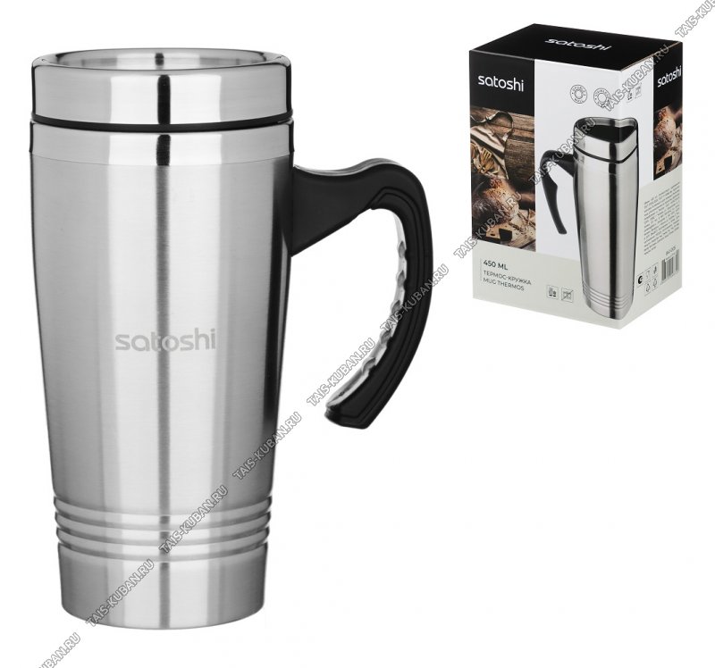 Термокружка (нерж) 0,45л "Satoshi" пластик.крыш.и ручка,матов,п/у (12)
==*==
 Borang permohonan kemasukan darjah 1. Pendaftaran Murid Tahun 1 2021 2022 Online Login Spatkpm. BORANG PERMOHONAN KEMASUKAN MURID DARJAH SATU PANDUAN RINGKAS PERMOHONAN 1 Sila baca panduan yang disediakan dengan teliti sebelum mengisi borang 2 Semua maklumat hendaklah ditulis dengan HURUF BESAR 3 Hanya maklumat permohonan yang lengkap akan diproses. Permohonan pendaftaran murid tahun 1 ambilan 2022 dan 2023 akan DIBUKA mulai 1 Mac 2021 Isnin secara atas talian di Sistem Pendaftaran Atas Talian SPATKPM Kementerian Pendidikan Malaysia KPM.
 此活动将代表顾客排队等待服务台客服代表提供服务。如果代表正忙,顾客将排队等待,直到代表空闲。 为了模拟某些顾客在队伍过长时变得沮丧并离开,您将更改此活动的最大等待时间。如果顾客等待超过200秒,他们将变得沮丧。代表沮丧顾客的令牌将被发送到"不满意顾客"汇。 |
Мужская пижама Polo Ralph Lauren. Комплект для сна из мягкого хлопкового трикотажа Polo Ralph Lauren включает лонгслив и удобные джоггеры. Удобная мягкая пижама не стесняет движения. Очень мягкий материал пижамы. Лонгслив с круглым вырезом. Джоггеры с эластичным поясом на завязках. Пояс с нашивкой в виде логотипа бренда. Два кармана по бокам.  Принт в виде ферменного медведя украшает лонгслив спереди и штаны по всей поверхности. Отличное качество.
==*==
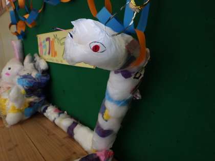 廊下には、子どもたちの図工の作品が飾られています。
==*==
## Instructions to follow
Reproduce exactly, and with no other material, the lines between those holding "Borang permohonan kemasukan darjah" and "Мужская пижама Polo", inclusive.

## Result for this task
 Borang permohonan kemasukan darjah 1. Pendaftaran Murid Tahun 1 2021 2022 Online Login Spatkpm. BORANG PERMOHONAN KEMASUKAN MURID DARJAH SATU PANDUAN RINGKAS PERMOHONAN 1 Sila baca panduan yang disediakan dengan teliti sebelum mengisi borang 2 Semua maklumat hendaklah ditulis dengan HURUF BESAR 3 Hanya maklumat permohonan yang lengkap akan diproses. Permohonan pendaftaran murid tahun 1 ambilan 2022 dan 2023 akan DIBUKA mulai 1 Mac 2021 Isnin secara atas talian di Sistem Pendaftaran Atas Talian SPATKPM Kementerian Pendidikan Malaysia KPM.
 此活动将代表顾客排队等待服务台客服代表提供服务。如果代表正忙,顾客将排队等待,直到代表空闲。 为了模拟某些顾客在队伍过长时变得沮丧并离开,您将更改此活动的最大等待时间。如果顾客等待超过200秒,他们将变得沮丧。代表沮丧顾客的令牌将被发送到"不满意顾客"汇。 |
Мужская пижама Polo Ralph Lauren. Комплект для сна из мягкого хлопкового трикотажа Polo Ralph Lauren включает лонгслив и удобные джоггеры. Удобная мягкая пижама не стесняет движения. Очень мягкий материал пижамы. Лонгслив с круглым вырезом. Джоггеры с эластичным поясом на завязках. Пояс с нашивкой в виде логотипа бренда. Два кармана по бокам.  Принт в виде ферменного медведя украшает лонгслив спереди и штаны по всей поверхности. Отличное качество.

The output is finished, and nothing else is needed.